Try it: Pictures do not belong in the output. Reproduce exactly the lines from the start of the records through the line with "Atatürk Kongre ve".
■ ■ ■ ■ ■
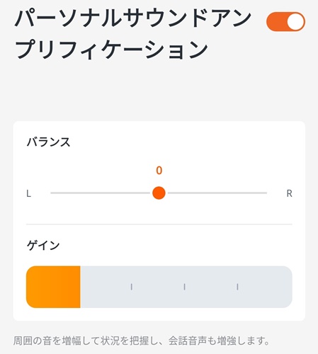 左右バランスを調整できるところもただの外音取り込み機能とは違うところですね。
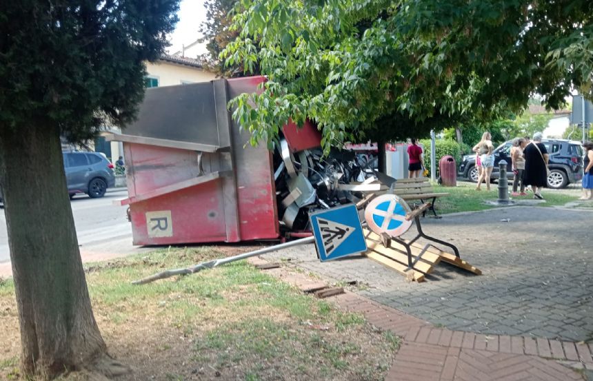 Fortunatamente sono incolumi anche se spaventati, gli anziani seduti sulle panchine di fronte a quelle divelte dal rimorchio ribaltato.
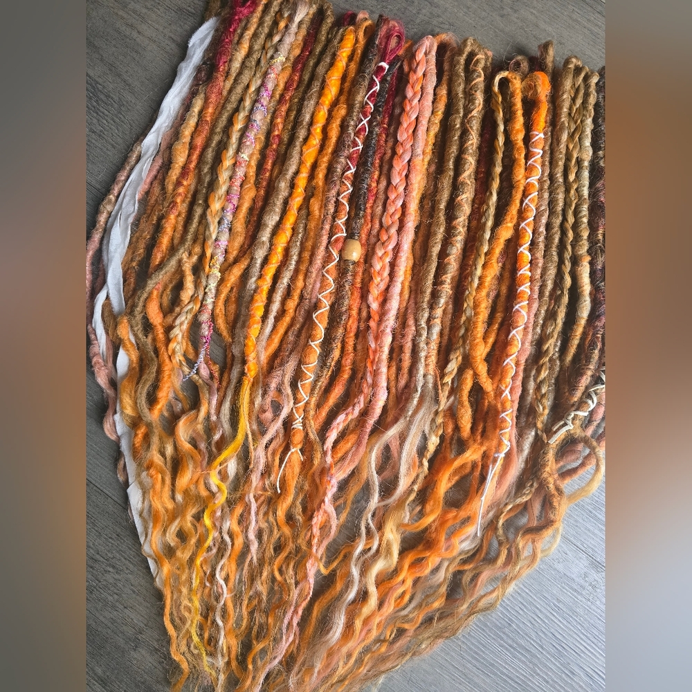 Mix of dark blondes, light blonde, different shades of orange, peachy orange. Some pieces have a burnt red at roots, some pieces have bits of medium brown mixed in.
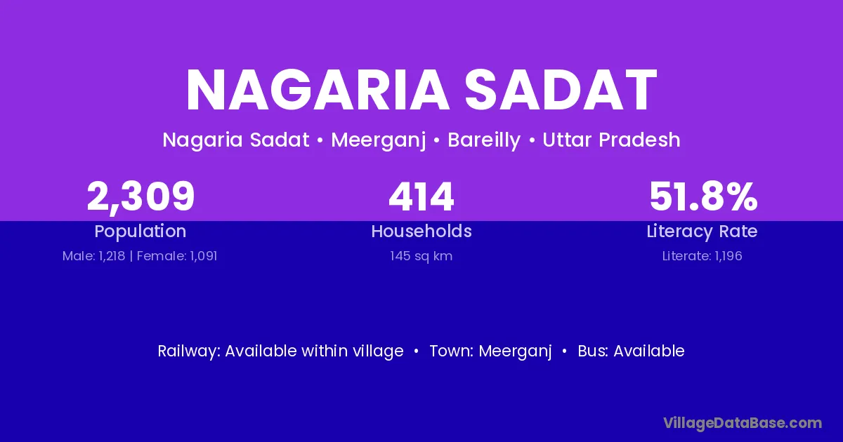 Nagaria Sadat village has a total population of 2,309 people, of which 1,218 are males and 1,091 are females.
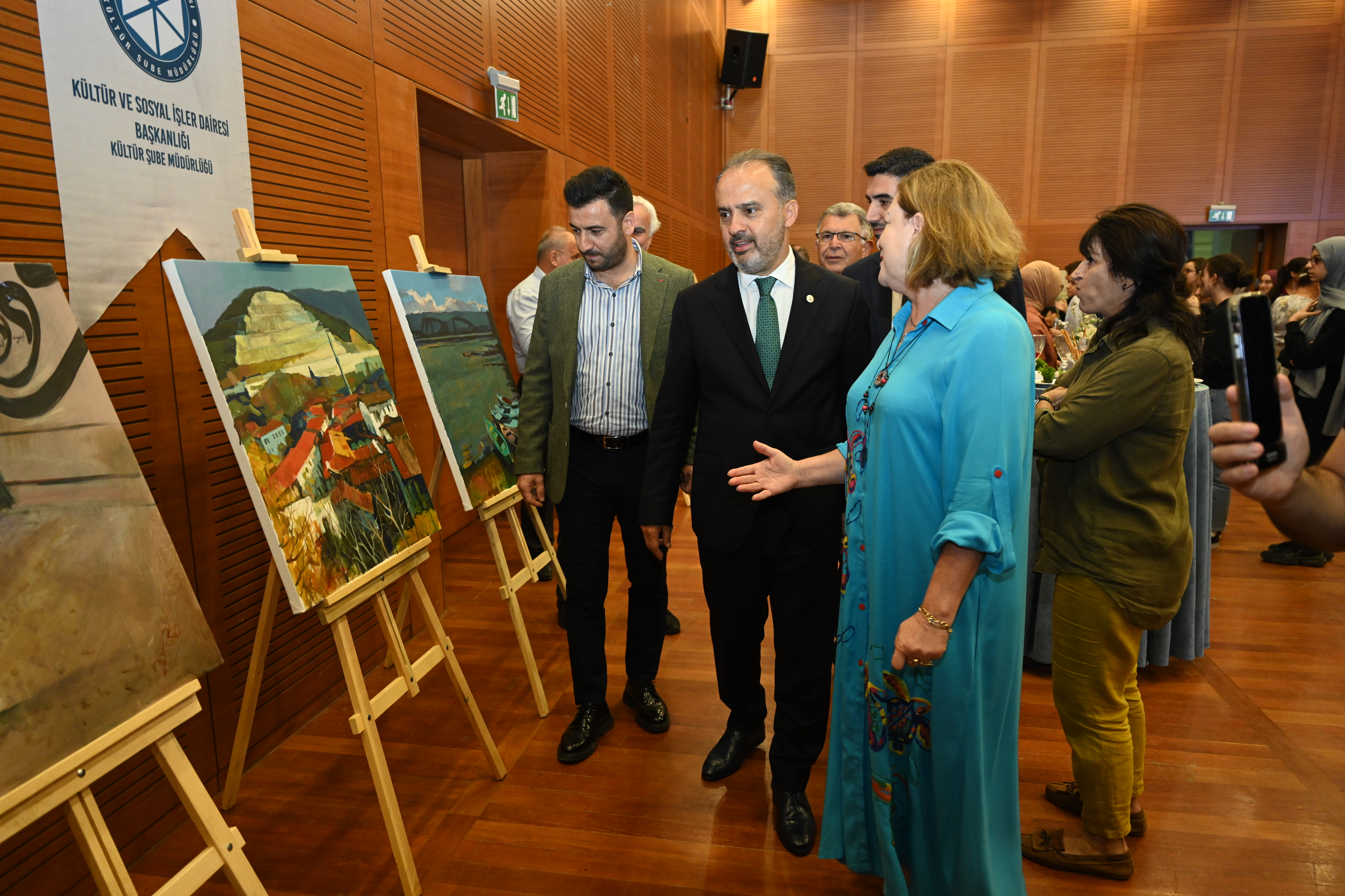 Atatürk Kongre ve Kültür Merkezi Hüdavendigar Salonu’nun fuaye alanındaki serginin açılış törenine katılan Bursa Büyükşehir Belediyesi Başkanı Alinur Aktaş, Bursa’ya önemli bir değer olarak kalacak eserlere imza atan tüm ressamlara teşekkür etti. Her şehrin bir hikayesi olduğunu, Bursa’nın hikayesinin ise belki de en orijinal hikayelerden biri olduğunu kaydeden Başkan Aktaş, “Bursa beş farklı medeniyete ev sahipliği yapmış, özellikle erken dönem Osmanlı'nın eserlerini bağrında barındıran ve çok önemli izlerini hala taşıyan bir şehir. Burada açıkçası ressamlarımızın eserlerine baktığımızda da bunu çok net görmek mümkün. Ben her bir sanatçımıza teşekkür ediyorum. Bu çalışmalar ne benim şahsıma ve ne de bir başka kişiye ait çalışmalar. Bunlar Bursa'nın çalışmaları, Bursa'ya değer olarak kalacak çalışmalar. Dolayısıyla şehir dışından, yurt dışından gelen misafirlerimiz var. Her birine ayrı ayrı teşekkür ediyorum. Yüreklerine sağlık” dedi.
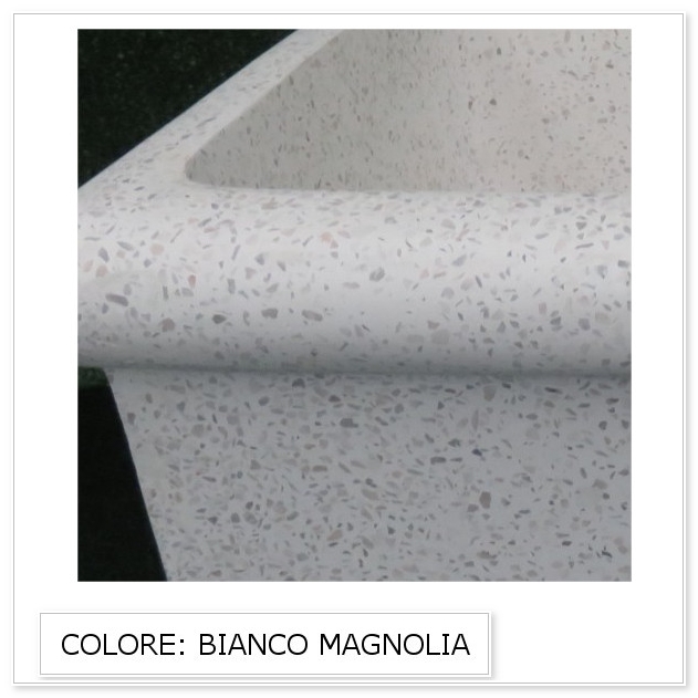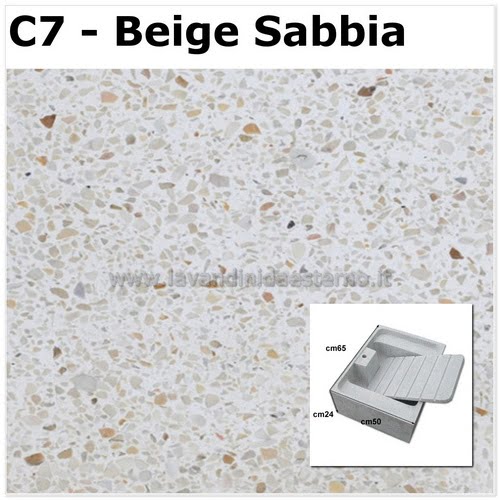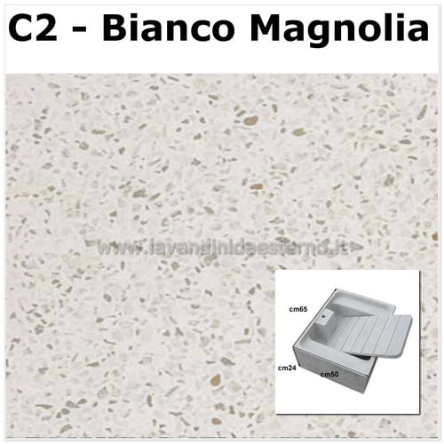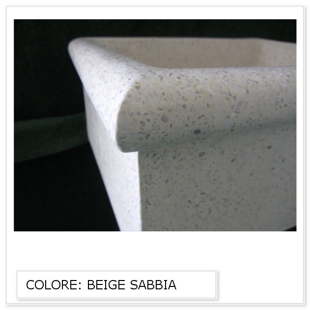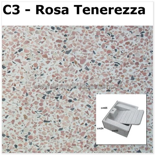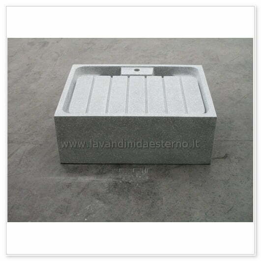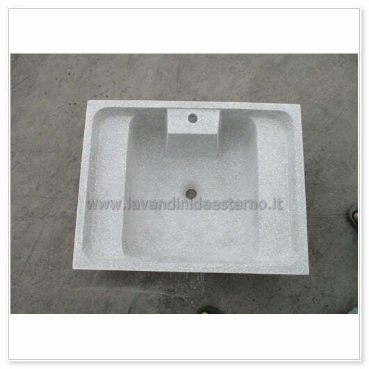 Il lavello è realizzato in cemento, polvere di marmo e varie scaglie di marmo amalgamate nell’impasto. A fine asciugatura dell’impasto il lavatoio viene disarmato dallo stampo e levigato manualmente da operai specializzati che daranno al manufatto un aspetto lineare e liscio al tatto.
■ ■ ■ ■ ■
Answer for this exercise:
 左右バランスを調整できるところもただの外音取り込み機能とは違うところですね。
 Fortunatamente sono incolumi anche se spaventati, gli anziani seduti sulle panchine di fronte a quelle divelte dal rimorchio ribaltato.
 Mix of dark blondes, light blonde, different shades of orange, peachy orange. Some pieces have a burnt red at roots, some pieces have bits of medium brown mixed in.
 Nagaria Sadat village has a total population of 2,309 people, of which 1,218 are males and 1,091 are females.
 Atatürk Kongre ve Kültür Merkezi Hüdavendigar Salonu’nun fuaye alanındaki serginin açılış törenine katılan Bursa Büyükşehir Belediyesi Başkanı Alinur Aktaş, Bursa’ya önemli bir değer olarak kalacak eserlere imza atan tüm ressamlara teşekkür etti. Her şehrin bir hikayesi olduğunu, Bursa’nın hikayesinin ise belki de en orijinal hikayelerden biri olduğunu kaydeden Başkan Aktaş, “Bursa beş farklı medeniyete ev sahipliği yapmış, özellikle erken dönem Osmanlı'nın eserlerini bağrında barındıran ve çok önemli izlerini hala taşıyan bir şehir. Burada açıkçası ressamlarımızın eserlerine baktığımızda da bunu çok net görmek mümkün. Ben her bir sanatçımıza teşekkür ediyorum. Bu çalışmalar ne benim şahsıma ve ne de bir başka kişiye ait çalışmalar. Bunlar Bursa'nın çalışmaları, Bursa'ya değer olarak kalacak çalışmalar. Dolayısıyla şehir dışından, yurt dışından gelen misafirlerimiz var. Her birine ayrı ayrı teşekkür ediyorum. Yüreklerine sağlık” dedi.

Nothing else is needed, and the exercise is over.